Moisture Performance of Various Insulations
From fiberglass batts to rigid foams, virtually no insulation is immune to moisture reducing its thermal performance. However, the severity of the impact depends on how much moisture an insulation absorbs and how readily it releases moisture. Following is an overview of the moisture performance of several insulation types commonly used in building envelopes:
- Rigid foams
- Polyiso
- Extruded polystyrene (XPS)
- Expanded polystyrene (EPS)
Of course, a number of other insulation types also are available (such as spray polyurethane foam and mineral wool), but discussion of those is beyond the scope of this article.
Rigid Foams
While fiberglass batts are still widely used in stud walls, building professionals increasingly are turning to rigid foam insulation boards to meet code requirements for continuous insulation. Although these products tend to provide better moisture performance than fiberglass batts, they vary in the degree to which they absorb moisture and experience R-value loss.
Polyiso
Because of the way they are made, all polyiso insulation boards are faced products. The facer type plays a role in the insulation’s moisture performance. Foil-faced polyiso boards have permeance (perm) ratings of about 0.3 according to the Polyiso Insulation Manufacturers Association. In part because of their low perm ratings, polyiso products often are used in wall and roof applications.
EPS and XPS
EPS and XPS insulations perform very differently when it comes to moisture. EPS tends to absorb small amounts of moisture quicker, but also releases it much faster than XPS does. This has led to confusion about which material performs best, as XPS comes out ahead in the laboratory, while EPS is superior in real-world applications.
Both insulations commonly are evaluated per ASTM 272, Standard Test Method for Water Absorption of Core Materials for Sandwich Constructions. In this test, insulation samples are fully submerged in water for 24 hours, then weighed for moisture absorption immediately upon removal from the water.
The problem is this test method is designed to ensure products are manufactured to required specifications, but does not adequately reflect real-world building conditions. Unless a building is subjected to extensive flooding, its below-grade insulation is almost never fully submerged as in the laboratory test. And, unless such flooding is prolonged, the test doesn’t consider how insulation dries between periods of moisture exposure.
An independent lab Stork Twin City Testing evaluated the moisture content of EPS and XPS buried side-by-side for 15 years on a building foundation in St. Paul, Minn. At the time the insulations were removed, the EPS had only 4.8 percent moisture by volume compared to 18.9 percent moisture content for the XPS. After 30 days of drying time, the EPS had dried to only 0.7 percent moisture by volume, while the XPS still contained 15.7 percent moisture.

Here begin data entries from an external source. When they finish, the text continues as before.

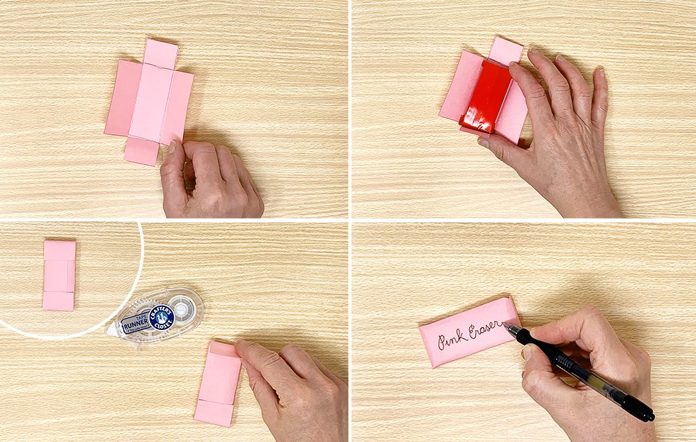 Flip candy eraser over and write “Pink Eraser” on the front. Tip: use cursive letters to give it some extra flare.
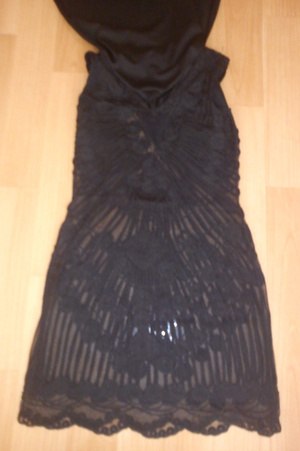 Новое нарядное платье Zarina р-р M. Двухслойное, нижний слой - подклад из трикотажа, верхний - на сетчатой основе выложен узор в виде кружева. Платье тяжелое, выглядит вживую очень дорого. Качество идеальное. Сидит по фигуре чуть-чуть свободно, создает плавный контур. Верх длиннее подклада, за счет этого у платья изящный кружевной кант по подолу. Грудь до 4 р-ра, талия до 82 см, бедра до 103 см, длина от проймы - 75 см (1500 руб)
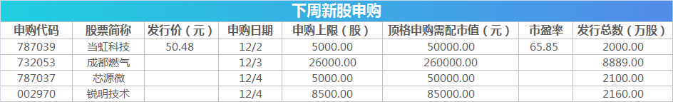 下周一共有4只新股申购,分别为锐明技术、芯源微、成都燃气、当虹科技。其中,当虹科技12月2日(下周一)进行网上申购,申购代码为787039;成都燃气12月3日(下周二)进行网上申购,申购代码为732053;锐明技术、芯源微12月4日(下周三)进行网上申购,申购代码分别为002970、787037。
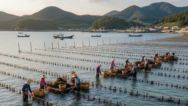 김을 수확하는 모습의 자료사진. AI가 생성한 자료사진. (실제와 차이가 있을 수 있음을 밝힙니다.)
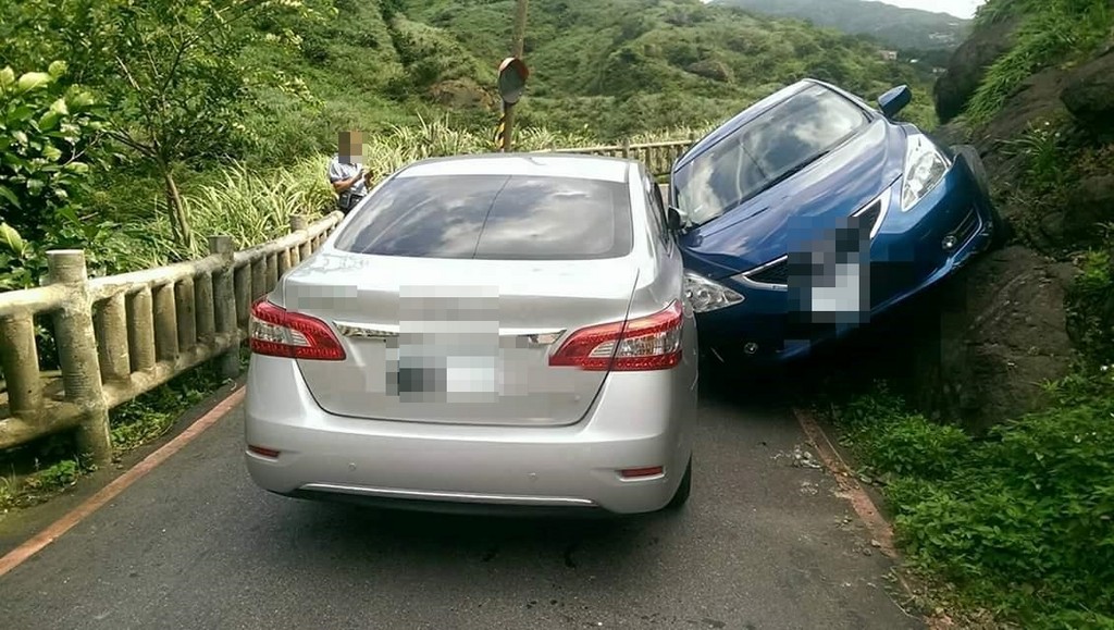 ▲肇事車輛卡在山壁與原PO轎車之間。(圖/翻攝自爆料公社)
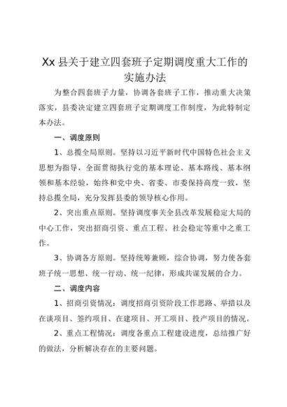【七哥公文】2025年:Xx县关于建立四套班子定期调度重大工作的实施办法+更多免费公文+VX:QiGeGongWen2024

The Stork Twin City Testing of the two insulations also showed the degree to which moisture absorption impacts R-value. The XPS insulation lost 48 percent of its R-value, compared to only a 6 percent decrease for EPS. For additional discussion of these results, see the EPS Industry Alliance’s Technical Bulletin 103, “15-Year In-situ Research Shows EPS Outperforms XPS in R-value Retention.”
Conclusion
While water may be the “elixir of life,” as Chinese philosopher Lao Tzu said, “Nothing is softer or more flexible than water, yet nothing can resist it.” Whether it is slowly wearing down a granite mountain through erosion, or sweeping away a village in a flood, water is indeed difficult to resist. The same is true for insulation, as moisture can permeate many insulations and reduce their thermal performance.
Although building industry professionals know to consider R-value when selecting insulation for their projects, given the substantial negative impact water has on thermal performance, it also is crucial to evaluate moisture performance.